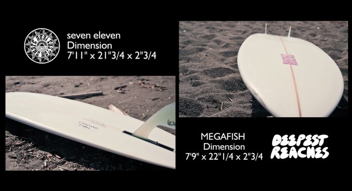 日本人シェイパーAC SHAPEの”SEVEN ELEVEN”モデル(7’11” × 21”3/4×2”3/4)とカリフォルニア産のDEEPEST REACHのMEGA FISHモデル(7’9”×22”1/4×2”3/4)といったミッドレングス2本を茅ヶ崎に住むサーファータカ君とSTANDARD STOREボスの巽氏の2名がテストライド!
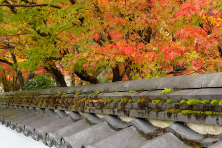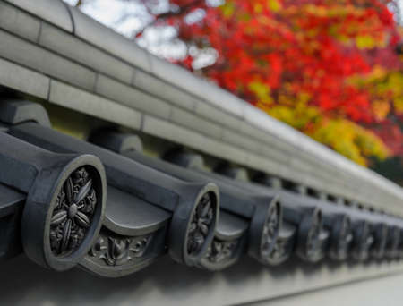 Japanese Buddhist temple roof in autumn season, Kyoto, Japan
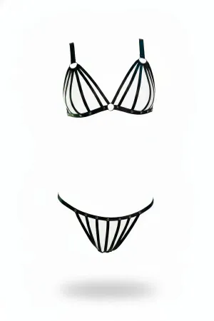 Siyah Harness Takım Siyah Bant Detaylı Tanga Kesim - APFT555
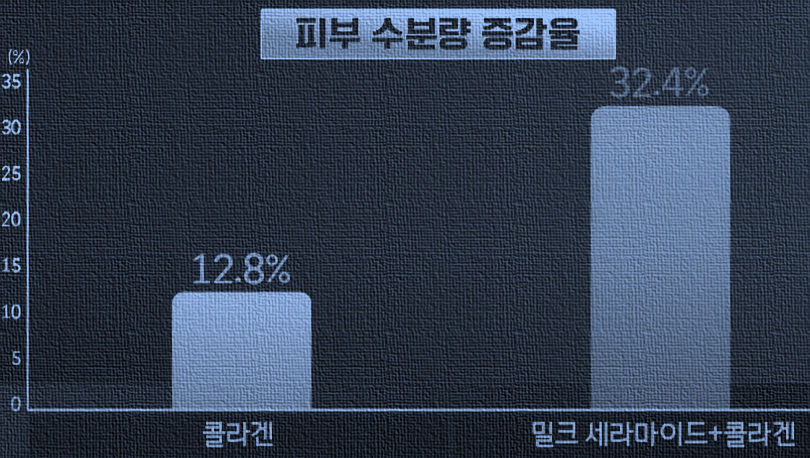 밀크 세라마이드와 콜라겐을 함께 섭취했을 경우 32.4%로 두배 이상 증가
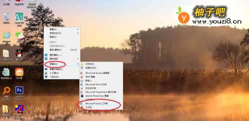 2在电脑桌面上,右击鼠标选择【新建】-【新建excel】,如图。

---

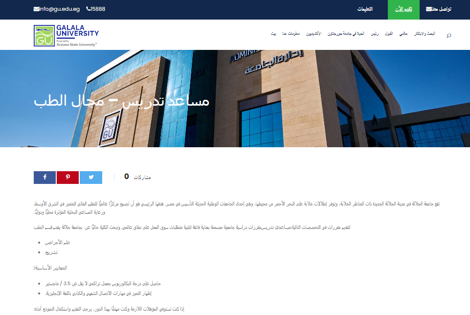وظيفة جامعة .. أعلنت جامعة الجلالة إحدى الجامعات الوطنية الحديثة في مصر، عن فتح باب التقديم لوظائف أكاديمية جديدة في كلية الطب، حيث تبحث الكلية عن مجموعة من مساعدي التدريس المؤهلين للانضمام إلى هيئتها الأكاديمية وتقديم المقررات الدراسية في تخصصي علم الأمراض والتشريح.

==

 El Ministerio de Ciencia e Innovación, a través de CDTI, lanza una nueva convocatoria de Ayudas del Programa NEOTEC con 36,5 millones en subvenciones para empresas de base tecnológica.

### [Work to be completed]
In the data above, retype only the stretch from the line with "밀크 세라마이드와 콜라겐을 함께 섭취했을 경우 32.4%로 두배 이상 증가" through the line with "2在电脑桌面上,右击鼠标选择【新建】-【新建excel】,如图。", word for word, and skip any pictures.

### [Result of this exercise]
 밀크 세라마이드와 콜라겐을 함께 섭취했을 경우 32.4%로 두배 이상 증가
 2在电脑桌面上,右击鼠标选择【新建】-【新建excel】,如图。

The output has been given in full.